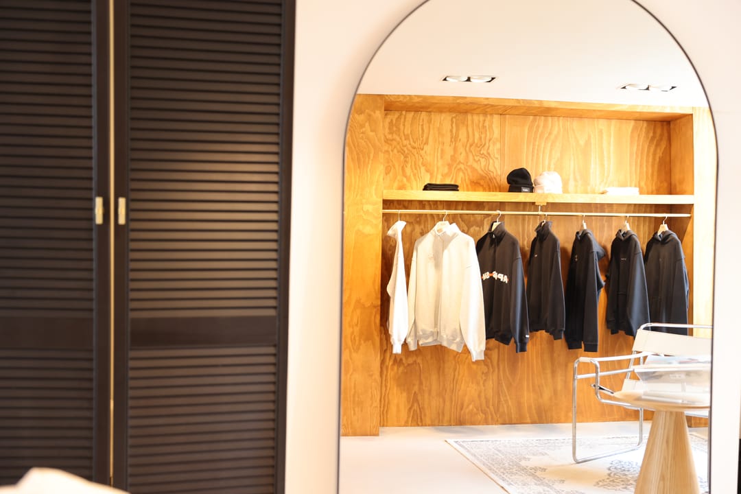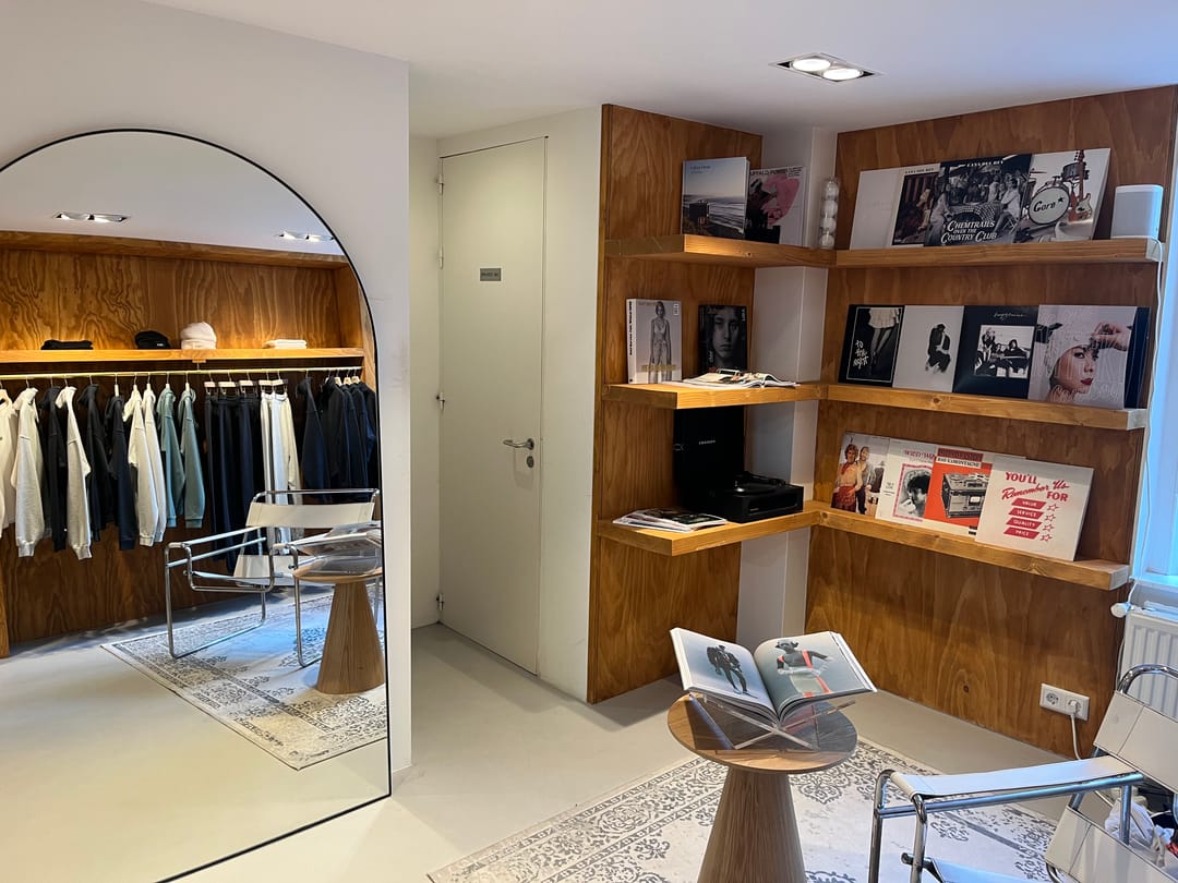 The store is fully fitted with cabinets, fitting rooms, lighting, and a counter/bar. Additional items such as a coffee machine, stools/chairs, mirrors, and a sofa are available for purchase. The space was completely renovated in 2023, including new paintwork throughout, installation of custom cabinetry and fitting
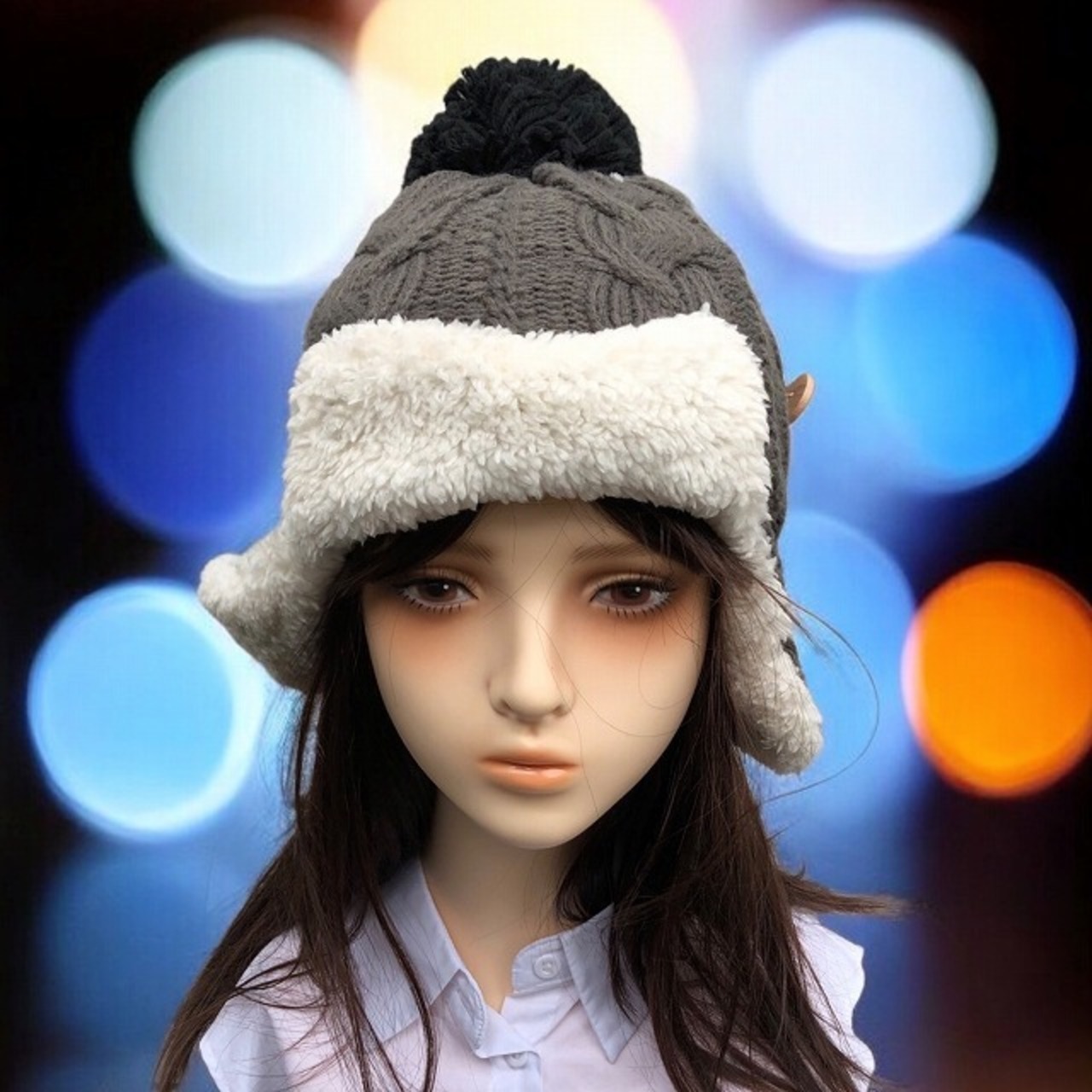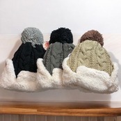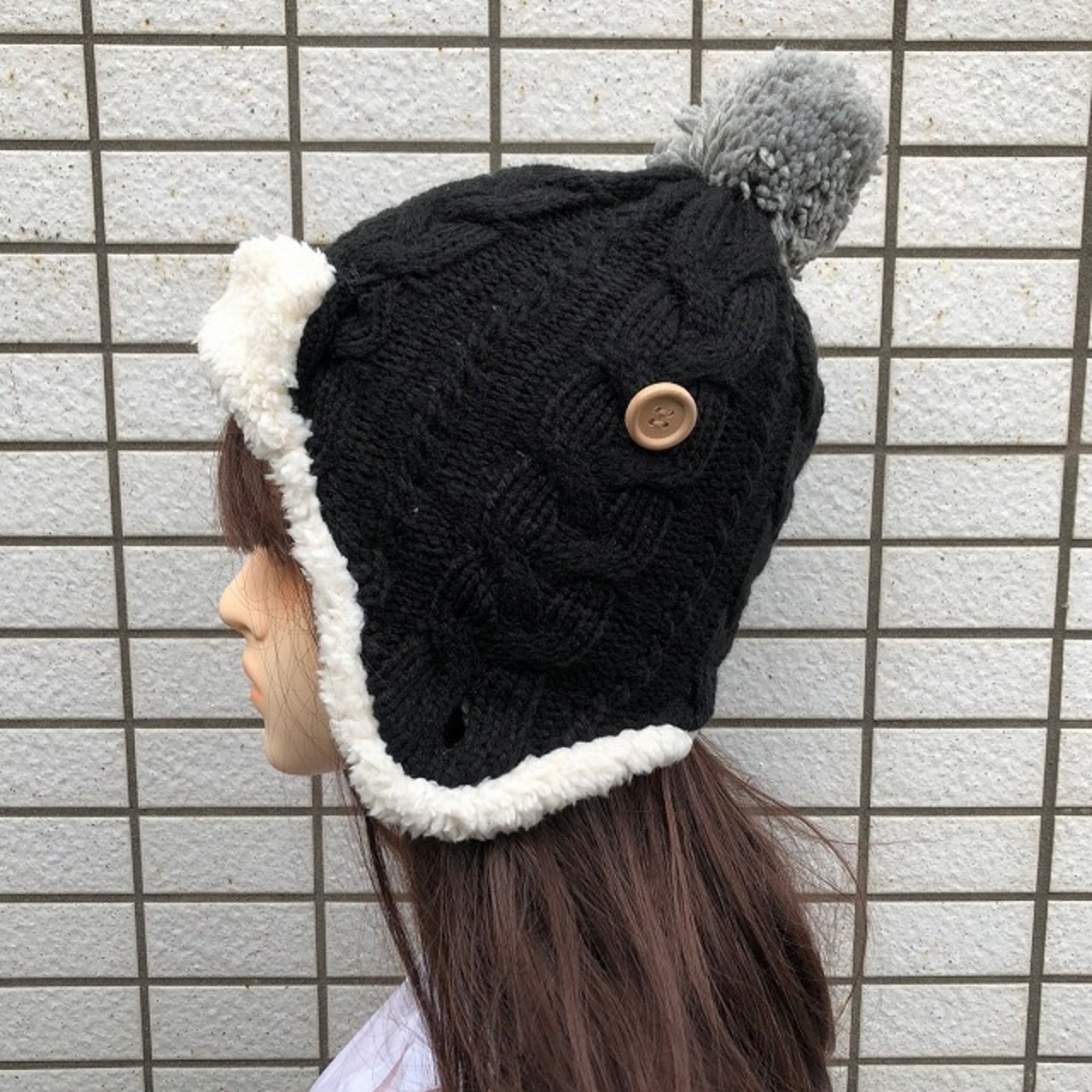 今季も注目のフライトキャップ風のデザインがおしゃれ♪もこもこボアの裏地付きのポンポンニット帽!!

...

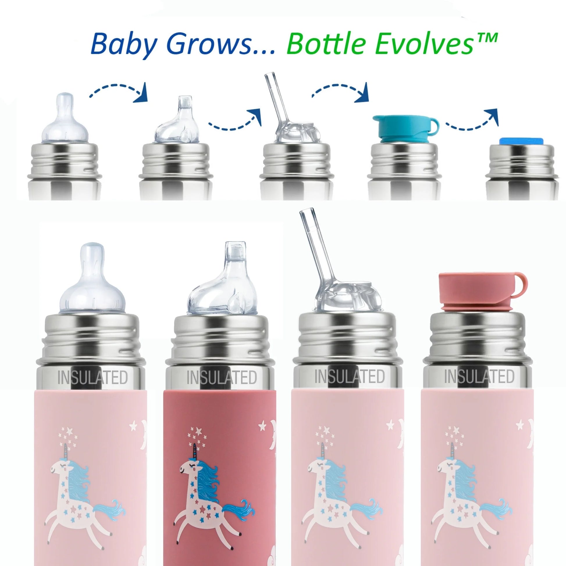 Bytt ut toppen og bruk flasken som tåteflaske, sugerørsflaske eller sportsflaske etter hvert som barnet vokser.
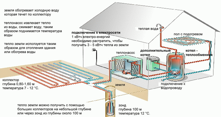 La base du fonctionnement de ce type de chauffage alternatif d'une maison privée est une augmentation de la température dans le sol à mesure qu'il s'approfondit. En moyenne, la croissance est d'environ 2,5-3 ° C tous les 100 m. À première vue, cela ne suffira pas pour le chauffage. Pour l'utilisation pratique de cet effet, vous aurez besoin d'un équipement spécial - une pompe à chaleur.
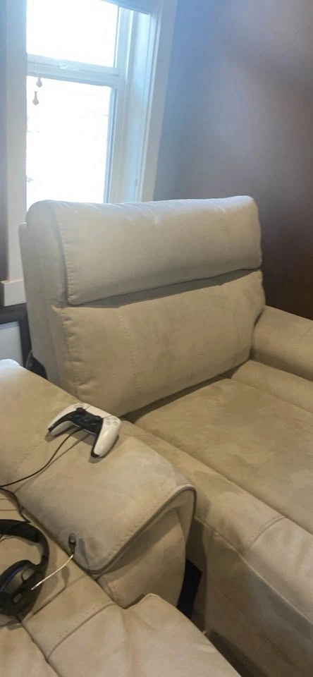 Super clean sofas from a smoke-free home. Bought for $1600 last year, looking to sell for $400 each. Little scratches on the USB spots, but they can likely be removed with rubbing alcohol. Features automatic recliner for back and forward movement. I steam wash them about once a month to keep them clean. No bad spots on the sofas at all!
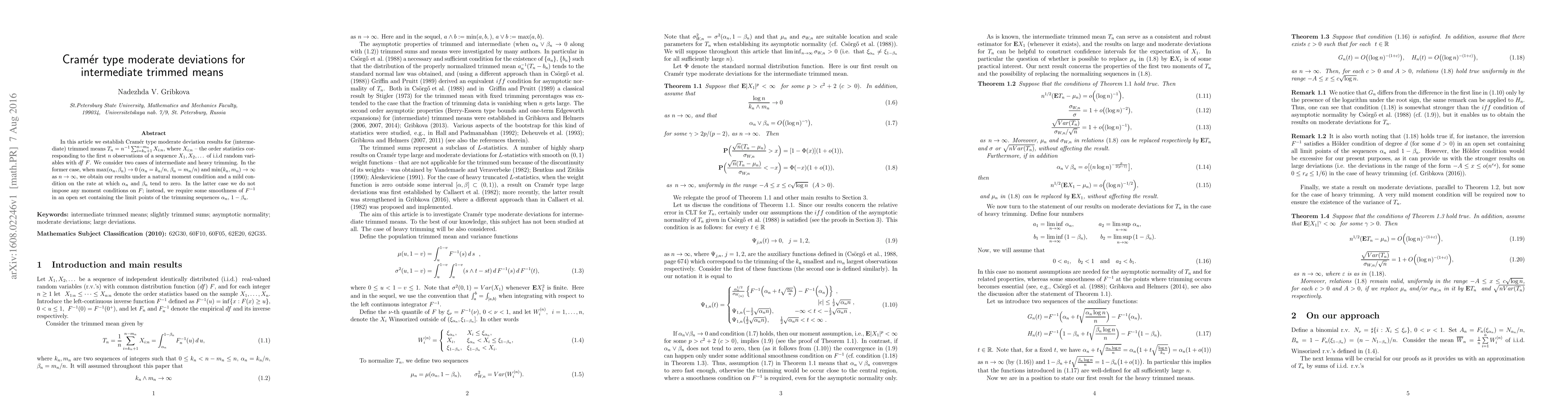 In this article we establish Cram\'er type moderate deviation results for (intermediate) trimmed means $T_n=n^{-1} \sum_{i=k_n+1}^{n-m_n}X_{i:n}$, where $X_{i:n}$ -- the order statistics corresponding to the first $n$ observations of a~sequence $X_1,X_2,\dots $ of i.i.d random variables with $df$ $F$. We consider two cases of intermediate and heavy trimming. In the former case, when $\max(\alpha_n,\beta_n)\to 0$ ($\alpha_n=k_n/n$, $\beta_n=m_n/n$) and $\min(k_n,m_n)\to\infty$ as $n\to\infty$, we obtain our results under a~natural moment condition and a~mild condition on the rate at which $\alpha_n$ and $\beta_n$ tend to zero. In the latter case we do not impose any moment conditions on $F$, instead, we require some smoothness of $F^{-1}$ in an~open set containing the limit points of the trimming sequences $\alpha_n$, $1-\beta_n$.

==

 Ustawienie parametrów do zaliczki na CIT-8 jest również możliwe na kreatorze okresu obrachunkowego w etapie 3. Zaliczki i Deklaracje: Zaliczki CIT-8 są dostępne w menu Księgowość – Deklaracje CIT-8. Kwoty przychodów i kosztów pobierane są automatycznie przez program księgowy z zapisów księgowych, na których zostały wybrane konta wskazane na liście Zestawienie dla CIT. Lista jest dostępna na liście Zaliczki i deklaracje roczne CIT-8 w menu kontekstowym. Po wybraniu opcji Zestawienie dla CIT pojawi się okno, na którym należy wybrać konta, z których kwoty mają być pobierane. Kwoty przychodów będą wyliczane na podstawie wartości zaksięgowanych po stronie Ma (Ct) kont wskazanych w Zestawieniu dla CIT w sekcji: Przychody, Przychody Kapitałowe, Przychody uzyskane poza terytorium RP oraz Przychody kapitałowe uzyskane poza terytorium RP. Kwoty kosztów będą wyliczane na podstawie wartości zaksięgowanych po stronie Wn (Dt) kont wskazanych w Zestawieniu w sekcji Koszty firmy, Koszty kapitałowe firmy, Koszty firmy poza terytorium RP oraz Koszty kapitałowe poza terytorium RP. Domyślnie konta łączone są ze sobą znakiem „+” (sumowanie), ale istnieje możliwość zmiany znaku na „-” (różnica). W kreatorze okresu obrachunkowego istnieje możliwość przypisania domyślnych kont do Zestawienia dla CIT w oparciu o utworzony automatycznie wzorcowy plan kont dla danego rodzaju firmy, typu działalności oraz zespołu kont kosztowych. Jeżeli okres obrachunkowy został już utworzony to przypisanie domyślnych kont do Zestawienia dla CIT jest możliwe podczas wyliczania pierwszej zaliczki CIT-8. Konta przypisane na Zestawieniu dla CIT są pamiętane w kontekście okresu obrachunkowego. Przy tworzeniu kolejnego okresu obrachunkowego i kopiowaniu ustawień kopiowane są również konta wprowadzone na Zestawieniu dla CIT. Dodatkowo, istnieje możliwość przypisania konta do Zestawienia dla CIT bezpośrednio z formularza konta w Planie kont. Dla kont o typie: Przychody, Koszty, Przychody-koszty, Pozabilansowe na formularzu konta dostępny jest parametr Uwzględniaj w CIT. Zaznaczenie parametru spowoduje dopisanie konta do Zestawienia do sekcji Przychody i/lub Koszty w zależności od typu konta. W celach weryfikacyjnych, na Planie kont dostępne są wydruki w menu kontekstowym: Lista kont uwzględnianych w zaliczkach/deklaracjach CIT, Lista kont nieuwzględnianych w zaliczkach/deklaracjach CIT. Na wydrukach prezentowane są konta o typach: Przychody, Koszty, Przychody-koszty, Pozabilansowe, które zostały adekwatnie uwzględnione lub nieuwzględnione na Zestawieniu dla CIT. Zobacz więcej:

**WHAT YOU WILL DO:** Copy exactly, without pictures, the lines above from the one with "The store is" down to the one with "今季も注目のフライトキャップ", inclusive.

**TASK OUTPUT:**
 The store is fully fitted with cabinets, fitting rooms, lighting, and a counter/bar. Additional items such as a coffee machine, stools/chairs, mirrors, and a sofa are available for purchase. The space was completely renovated in 2023, including new paintwork throughout, installation of custom cabinetry and fitting
 今季も注目のフライトキャップ風のデザインがおしゃれ♪もこもこボアの裏地付きのポンポンニット帽!!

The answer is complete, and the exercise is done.